In fact, the agreement was a stunning about-face by the most influential, go-go investment-banking house of the 1980s. After maintaining for two years that Drexel had done nothing wrong, a shaken board of directors voted 16 to 6 to accept the stiff terms proposed by Rudolph Giuliani, U.S. Attorney for the Southern District of New York. The deal calls for Drexel to plead guilty to six felony counts involving mail, wire and securities fraud and to pay a record $650 million in penalties. Some $300 million of the fine would go to the Government, which has spent an estimated $10 million prosecuting the case so far, and $350 million would be set aside to compensate the victims of Drexel's wrongdoing.
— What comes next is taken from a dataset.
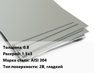 Лист нержавеющий 0.8 1.5х3 Сталь: AISI 304 Тип:2B, гладкий

In return, Giuliani agreed to drop his stated plan to bring racketeering charges that could have crippled Drexel, the fifth largest U.S. securities firm. Before the deal can be completed, however, Giuliani stipulated, a 184- page civil complaint that the Securities and Exchange Commission brought against Drexel in September must be settled by Jan. 10. The SEC could conceivably ask for a larger pool of money to compensate alleged victims, who range from ordinary stockholders to Drexel's clients. Even so, Giuliani declared Drexel's fines and concessions "appropriate punishment." He added, "You do not put corporations in prison."
But Giuliani is expected to try to put at least one Drexel employee behind bars. In perhaps its most humiliating cave-in, Drexel agreed to cooperate with the Government investigation of Michael Milken, the financial wizard who created the market for high-yielding junk bonds (total now held: $180 billion) and who remains the ultimate target of Giuliani's probe. Milken, who was not represented in the settlement talks, is expected to be indicted in Manhattan sometime in January.
A senior officer at Drexel, Milken was the chief architect of the firm's rise from a lackluster, second-tier brokerage into a feared and envied powerhouse. By developing the use of junk bonds to stake such corporate raiders as Saul Steinberg and T. Boone Pickens, Milken presided over the radical reshaping of American industry in the past ten years. Along the way, dozens of Drexel executives became multimillionaires.